In many Anglican churches, the priest will hold up the bread for the Eucharist, either during or after the Eucharistic prayer. We do this to focus the attention of the congregation at a pivotal moment in the liturgy. As Anglicans, we believe that the Body and Blood of Christ are present in the bread and wine we share at the altar. We may not necessarily agree on how or when it happens, but we believe that the bread and wine change. They are not literally becoming Christ’s Body and Blood, but there is something more than a purely symbolic representation. The best that we can say is that Christ is present sacramentally in these formerly ordinary things.

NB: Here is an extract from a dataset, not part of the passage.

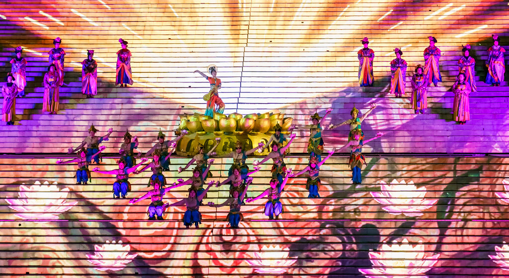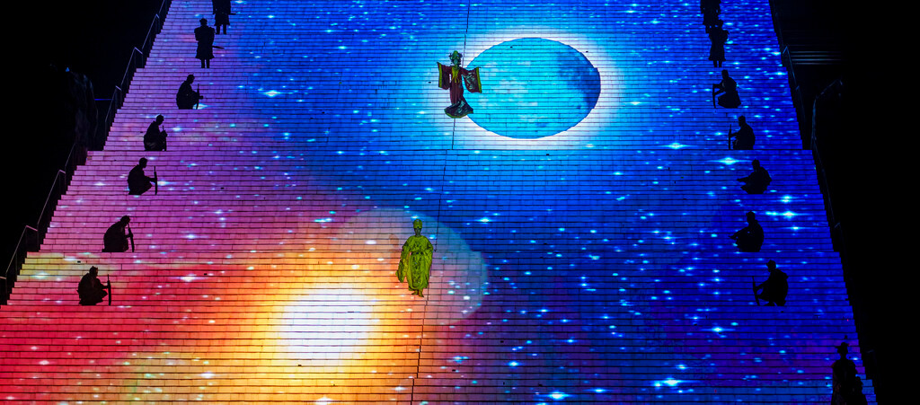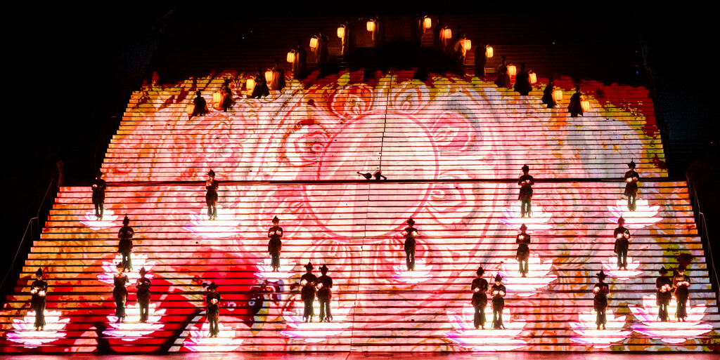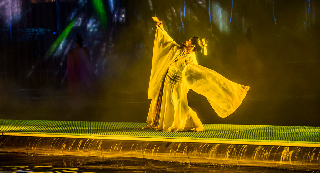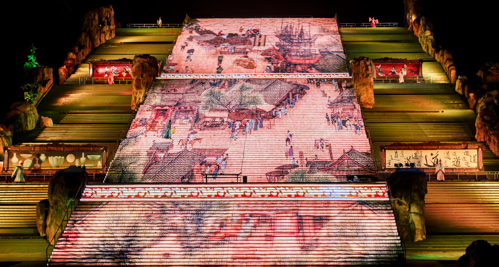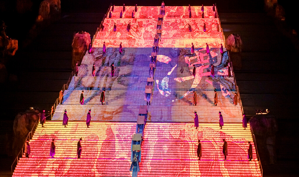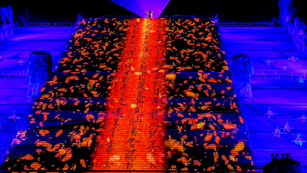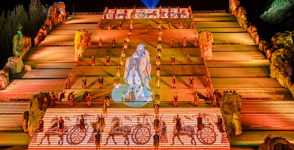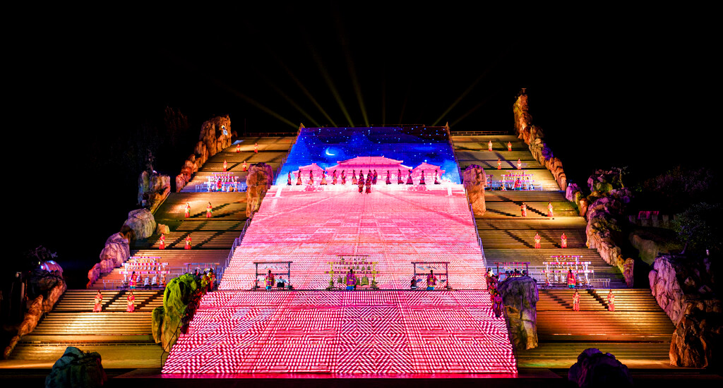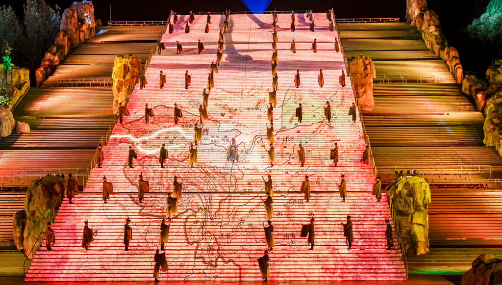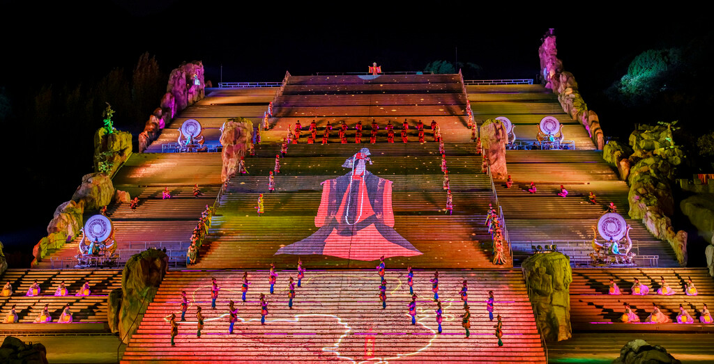 整场演出分为序幕、秦、汉、唐、宋、清和尾声七个章节,主演区依托山坡而建,就像是一个巨大的封禅台,在演出灯光的作用与周围山形林相背景的配合下,呈现出典型的泰山自然环境与历史的意境。特别是在很多高科技的加持下,呈现出来的舞台效果很震撼~

Some clergy hold up the bread because the congregation are watching for a glimpse of Jesus. This moment becomes a focal point in the service when the faithful show the reverence and devotion they would show to Christ himself if he were physically present. Others hold up the bread to show the congregation what they are becoming. Just as ordinary bread becomes the Body of Christ, so ordinary people are becoming the Body of Christ—the Church.
Receiving and becoming the Body of Christ is a great privilege for us, but it also comes with a great responsibility. By elevating the consecrated bread, holding it up for the people to see, the priest is also showing them what they must do. Our encounter with Christ is not limited to an hour in church on Sunday. What happens next? We are dismissed, sent out into the world, to show Jesus to the world, just as he has been shown to us.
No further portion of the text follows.